Back, Back, Back to the Drawing Board
Updated: December 30, 2011 1:48PM
Oh Grampy, tell us the old stories about Willow Road and the scary IDOT and the darling children darting between cars at rush hour. Please tell, pleeeeze.
With bittersweet nostalgia, we celebrate the 50th anniversary of Study I in the Matter of the Willow Road Expansion. Visionary though that document was, it pales in comparison to many of its successors.
Among connoisseurs, Study XXI stands out for the ingenuity of its 12-leaf overpass, LVII for anticipating the sue of lasers to neutralize road rage, and XC for its Confucian inscrutability.

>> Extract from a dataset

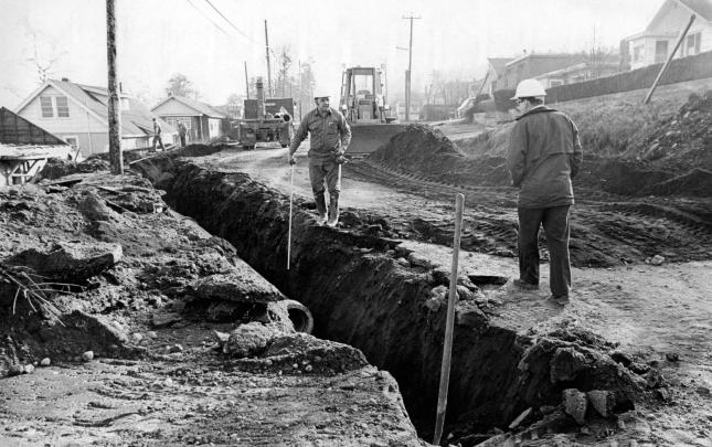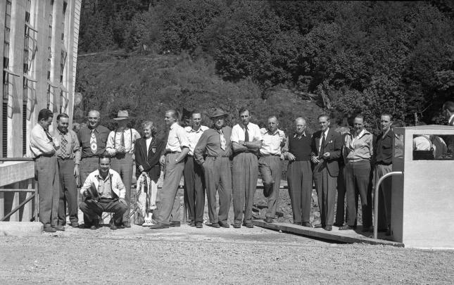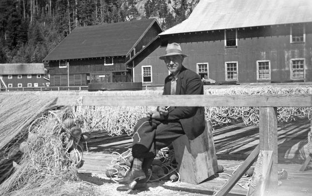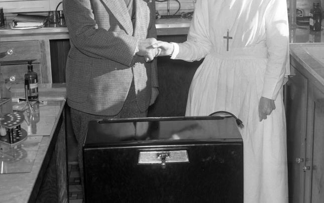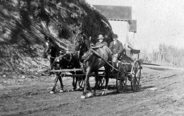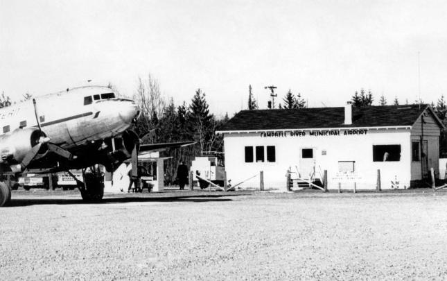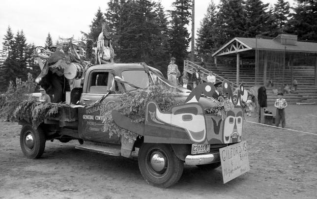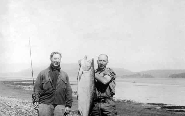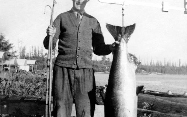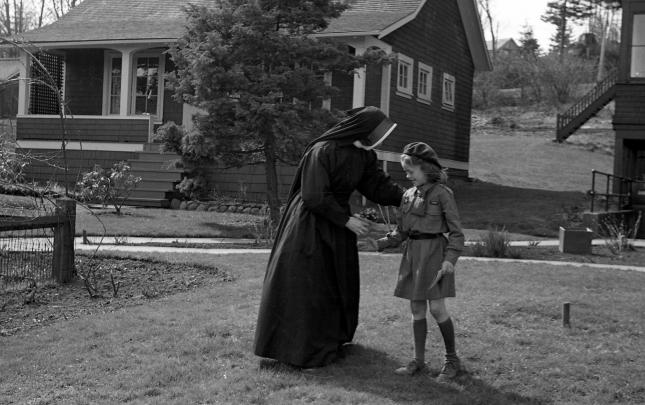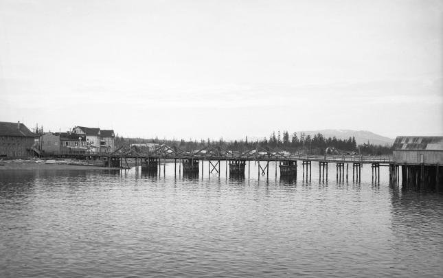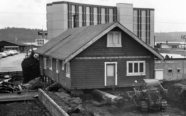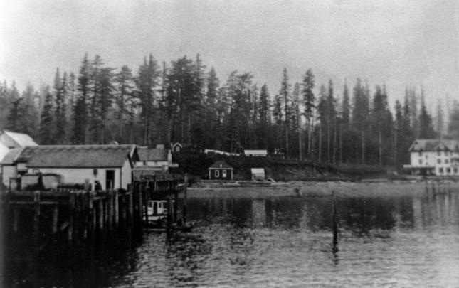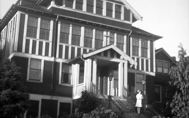 The original Lourdes Hospital at Campbell River, BC, built in 1914. Another portion was built on in 1929, and later used as the village offices before being demolished in 1960. The house at the right side of photograph was an old nurse's home, and the building just glimpsed over the trees may...

Popularly known as the Twins, Studies XVI and XVII were issued simultaneously by a single committee, and so persuasively did each made the case for diametrically opposed solutions that the entire process ground to a half for six years.

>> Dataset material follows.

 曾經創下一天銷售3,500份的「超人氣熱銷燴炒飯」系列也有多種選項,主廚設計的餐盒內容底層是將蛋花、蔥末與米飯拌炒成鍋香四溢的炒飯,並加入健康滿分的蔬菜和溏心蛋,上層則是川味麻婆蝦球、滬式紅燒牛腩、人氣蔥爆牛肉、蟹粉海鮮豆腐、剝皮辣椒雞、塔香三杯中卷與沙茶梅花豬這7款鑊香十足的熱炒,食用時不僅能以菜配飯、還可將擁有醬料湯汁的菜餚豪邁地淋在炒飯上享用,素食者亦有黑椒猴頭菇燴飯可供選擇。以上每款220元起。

One marvels at the proposals embedded in these well-loved texts—hundreds of miles of would-be roads, widened, narrowed, almost, almost built, rejected, despised, resurrected and re-rejected this past half-century. So bountiful were these geometric delights that sooner or later one was bound to please someone, though, as it turned out, never more than a half-dozen citizens at a time.

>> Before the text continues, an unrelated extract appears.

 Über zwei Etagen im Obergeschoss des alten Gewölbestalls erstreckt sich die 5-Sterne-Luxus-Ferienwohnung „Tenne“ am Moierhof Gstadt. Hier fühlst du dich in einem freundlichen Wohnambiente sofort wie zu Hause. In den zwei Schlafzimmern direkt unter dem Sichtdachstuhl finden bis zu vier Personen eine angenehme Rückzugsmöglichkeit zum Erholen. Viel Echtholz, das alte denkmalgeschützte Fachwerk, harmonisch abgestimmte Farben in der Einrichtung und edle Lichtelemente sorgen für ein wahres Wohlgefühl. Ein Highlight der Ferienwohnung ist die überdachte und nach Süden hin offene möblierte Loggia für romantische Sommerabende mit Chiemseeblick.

For many years, a perennial favorite was the proposed expansion of Willow Road to 16 lanes, a solution for all seasons, or so it was widely believed. With no speed limit, driving times along the fabled 1.2-mile corridor would be slashed. And since 16 lanes would require the razing of all nearby schools, feverish moms no longer would fear that Little Darlene might be flattened walking to first grade. But even by Cook County standards, kickbacks got out of hand, and after three more governors went to prison, the project was scuttled.
Who can ever forget Proposal #A-17.5.5? Through a labyrinth of tunnels, the North Shore’s finest golden retrievers were to haul the ethereal children to school in refurbished rickshaws. Zero emissions! Al Gore loved that one.
Or remember the Sunset Canal (#47.2)? Simplicity itself: Three autos to a flatboat, then a mere two-hour float from Waukegan Road to Edens, allowing otherwise harried commuters to enjoy facsimile willow tress along the shore and, near voyage’s end, unobstructed views of beautiful downtown Northfield.
Until it was squashed by IDOT (which in 2014 moved its headquarters from Springfield to the Dominick’s parking lot), Northfield taxpayers favored the scheme designed by Middlefork second-graders, a simple detour that looped up past Minneapolis and eventually crossed the Bering Strait. No unsightly construction, no more billable hours.
Saturday next at 11 a.m. all are invited to the Golden Anniversary commemoration of those first studies of our own Miracle Mile. Featured events will include that Lutheran Church choir singing, “By the Time I Get to Eden,” a recitation by local Girl Scouts of the 2009 Crash Rate Report, and a reenactment of the bloody three-way duel between the Town Managers of Northfield, Glenview and Northbrook. At ceremony’s end, surviving veterans of the Community Advisory Group will unveil a monument at the intersection of Willow and Wagner, rumored to consist of a towering toilet, down which $127,388,402 has, in this noble endeavor, vanished forever.